Metrics, logs, and traces

  • Metrics: Numerical representations of system behavior over time. They provide a high-level overview of system health and performance. Examples include CPU usage, memory consumption, and response times. While valuable, metrics often lack context and require further investigation.
  • Logs: Textual records of events and activities within a system. They offer detailed information about system behavior but can be overwhelming due to volume. Effective log management involves filtering, searching, and analyzing log data.
  • Traces: Records the journey of a request through a distributed system, providing insights into latency, errors, and dependencies. Traces are essential for understanding complex system interactions but can be computationally expensive to collect and process.

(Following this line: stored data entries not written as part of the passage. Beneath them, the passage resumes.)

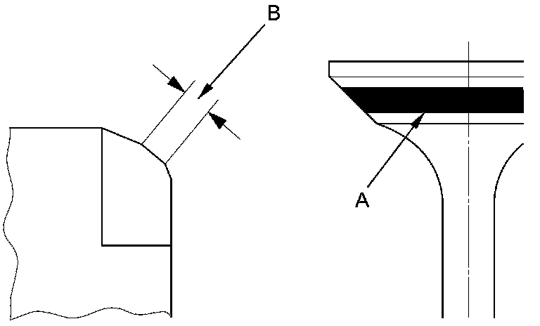 7. The actual valve seating surface (B), as shown by the blue compound, should be centered on the seat.
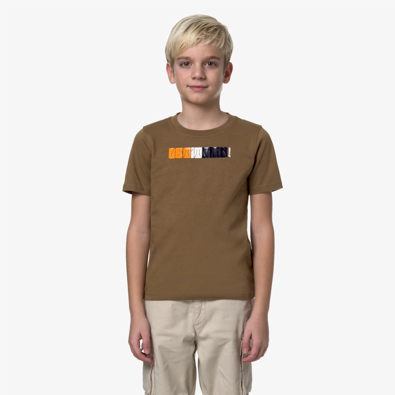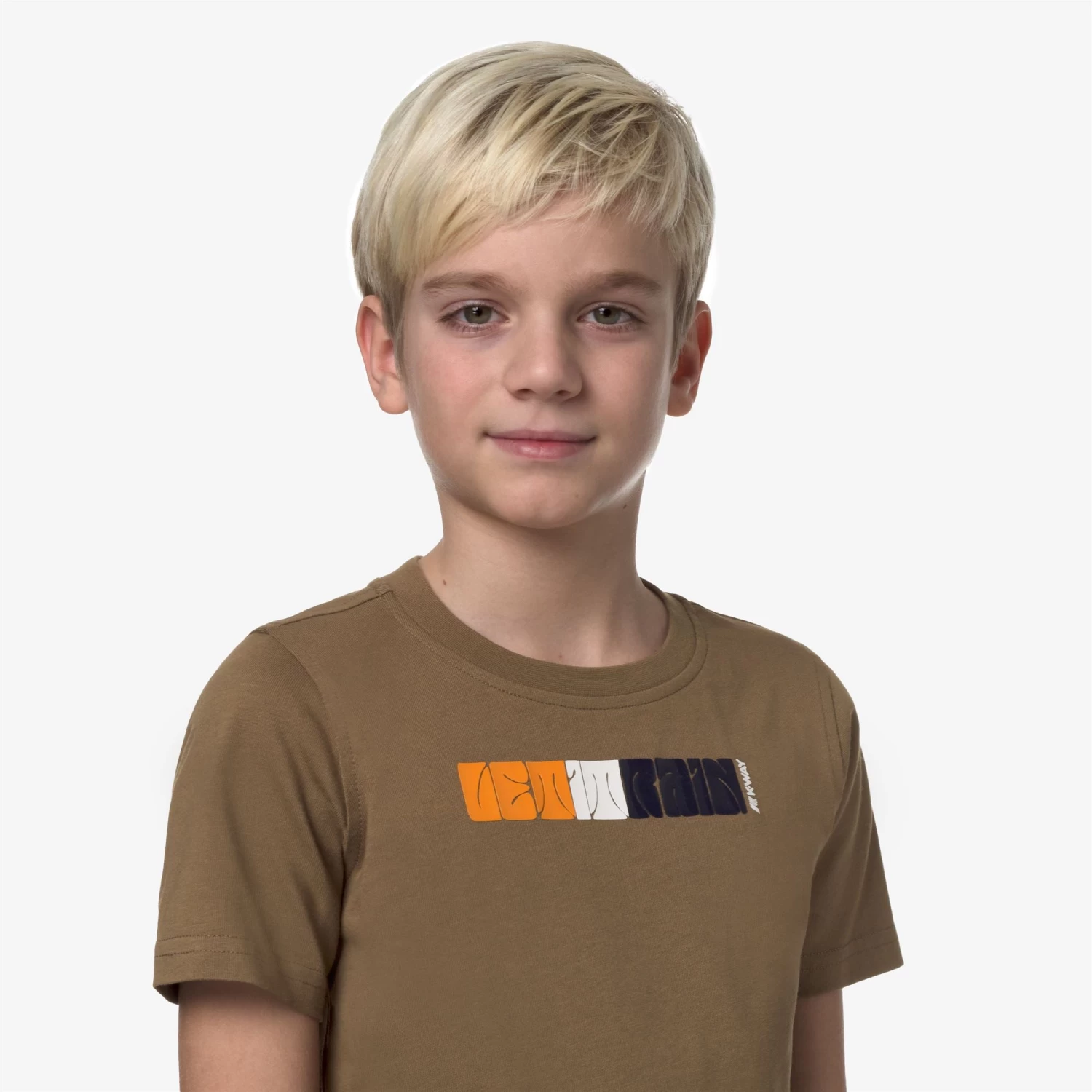 Odom is a kids’ soft jersey T-shirt made from pure cotton, sporting a fun 70s-inspired lettering print on the front and the colorful K-Way tape tab. Its versatile short-sleeved crewneck silhouette guarantees ease of movement while playing.
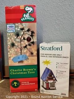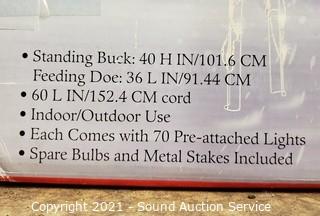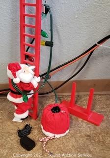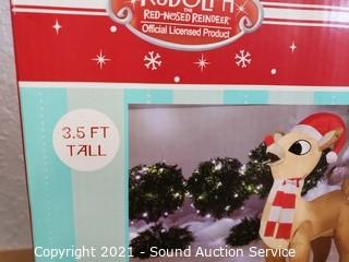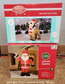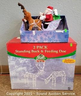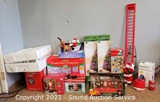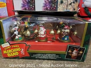 Lot Details: Animated, light & sounds. Inflatable Santa, inflatable Rudolph, Charlie Brown's Christmas tree, Looney Toons marching band, standing buck & feeding doe, 32" fiber optic trees, ladder climbing Santa, and more.
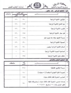 كما إعتمد المحافظ تنسيق القبول بالمرحلة الثانوية للتعليم الفني للعام الدراسي 2019 2020 وتقرر أن يكون الحد الأدنى لكل نوعية من نوعيات التعليم الفني صناعي – زراعي – تجاري ومدارس التعليم والتدريب المزدوج .
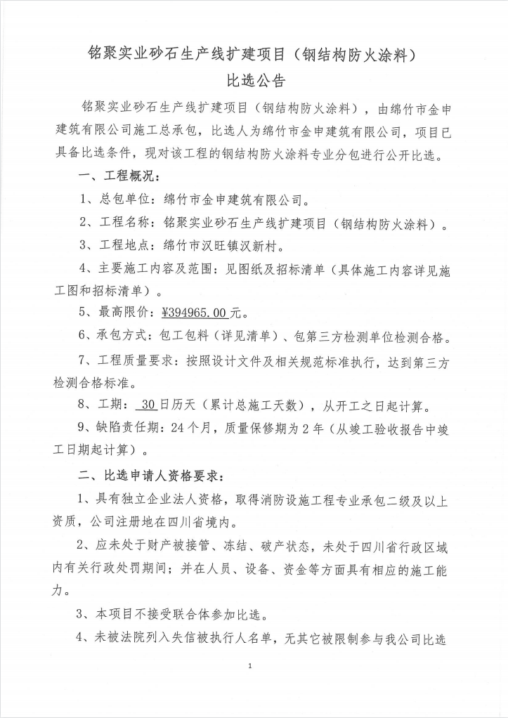 銘聚實業(yè)砂石生產(chǎn)線擴建項目(鋼結(jié)構(gòu)防火涂料)比選公告
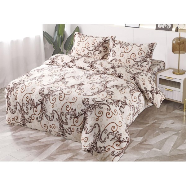 Lenjerie pat dublu, Super Pufoasa COCOLINO, 4 piese, cu ELASTIC, Grej, Maro, model tribal, cod produs: LEC102
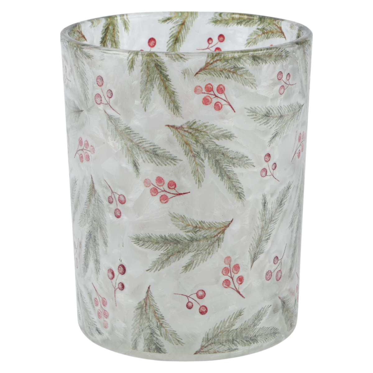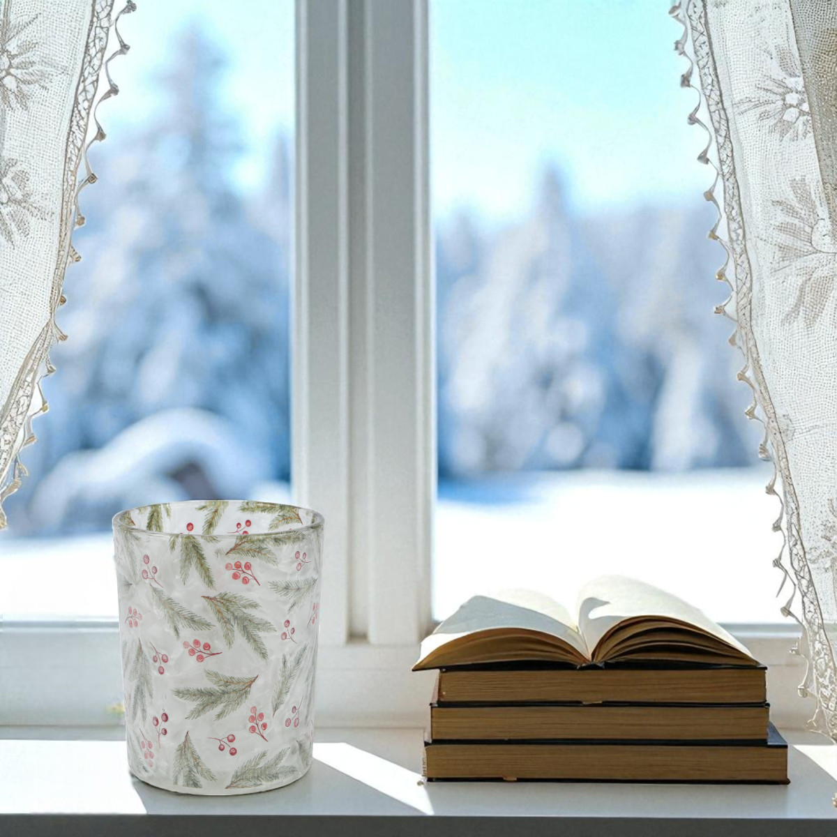 Ez a 10×12,5 cm-es üvegmécsestartó tökéletes választás, ha meleg, ünnepi fényt szeretnél varázsolni otthonodba. A fagyos hatású üvegfelületet zöld fenyőág- és piros bogyóminta díszíti, amely visszafogott, mégis hangulatos megjelenést biztosít.
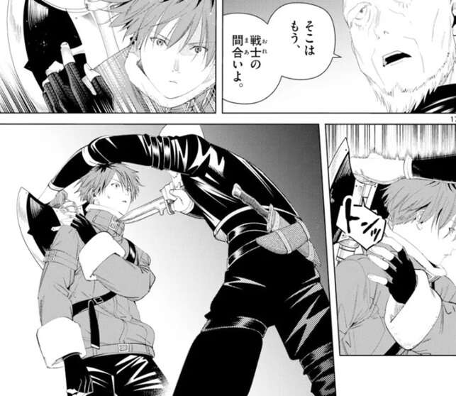 しかし、ラダールは話し合いには応じず、お前は老いぼれの俺よりも腕が立つだろうさ、場数も踏んでる、見りゃわかるよ、でも足りてねぇな、とナイフを構えながらシュタルクに言います。そこはもう、戦士(おれ)の間合いよ、とラダールが言うと、シュタルクも斧を取って構えようとしますが、シュタルクが斧を取るよりも速くラダールは斧を手で押さえ、ナイフをシュタルクの首に向けます。

The importance of sampling

Due to the vast amount of data generated by metrics, logs, and traces, sampling is often employed to reduce data volume while maintaining representative information. However, it’s important to balance the need for data reduction with the potential loss of valuable insights.

Visualizing observability data

Effectively visualizing observability data is crucial for gaining insights. Tools and dashboards should be designed to present information in a clear and actionable manner.

Profiling: A deep dive into performance

The fourth pillar of observability is profiling. Unlike metrics, logs, and traces, which provide a broad overview of system behavior, profiling focuses on the granular details of code execution.

  • Profiling: Measures the performance of software by monitoring resource utilization, such as CPU time, memory consumption, and network I/O. This data helps identify performance bottlenecks and optimize code efficiency. Profiling can be applied to individual services or across distributed systems for a holistic view of performance.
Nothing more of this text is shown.